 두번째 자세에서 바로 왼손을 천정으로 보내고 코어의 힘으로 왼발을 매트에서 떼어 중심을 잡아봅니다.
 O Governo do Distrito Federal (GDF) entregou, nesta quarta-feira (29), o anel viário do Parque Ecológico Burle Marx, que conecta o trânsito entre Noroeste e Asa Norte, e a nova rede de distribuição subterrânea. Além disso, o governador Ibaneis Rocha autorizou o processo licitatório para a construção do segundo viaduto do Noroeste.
* * *
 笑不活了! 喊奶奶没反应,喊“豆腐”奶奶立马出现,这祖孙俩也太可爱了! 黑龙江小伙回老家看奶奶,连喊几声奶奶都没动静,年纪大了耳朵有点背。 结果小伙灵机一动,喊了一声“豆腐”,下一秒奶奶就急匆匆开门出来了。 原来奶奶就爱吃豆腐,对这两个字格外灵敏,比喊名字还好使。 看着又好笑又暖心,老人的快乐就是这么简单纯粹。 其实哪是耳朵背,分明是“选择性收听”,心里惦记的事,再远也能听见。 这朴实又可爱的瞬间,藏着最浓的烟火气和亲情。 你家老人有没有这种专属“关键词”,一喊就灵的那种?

§ **Task details**
Here the output must be the lines above from the line with "두번째 자세에서 바로" to the line with "O Governo do", both included, duplicated word for word and nothing else.

§ **Output for this task**
 두번째 자세에서 바로 왼손을 천정으로 보내고 코어의 힘으로 왼발을 매트에서 떼어 중심을 잡아봅니다.
 O Governo do Distrito Federal (GDF) entregou, nesta quarta-feira (29), o anel viário do Parque Ecológico Burle Marx, que conecta o trânsito entre Noroeste e Asa Norte, e a nova rede de distribuição subterrânea. Além disso, o governador Ibaneis Rocha autorizou o processo licitatório para a construção do segundo viaduto do Noroeste.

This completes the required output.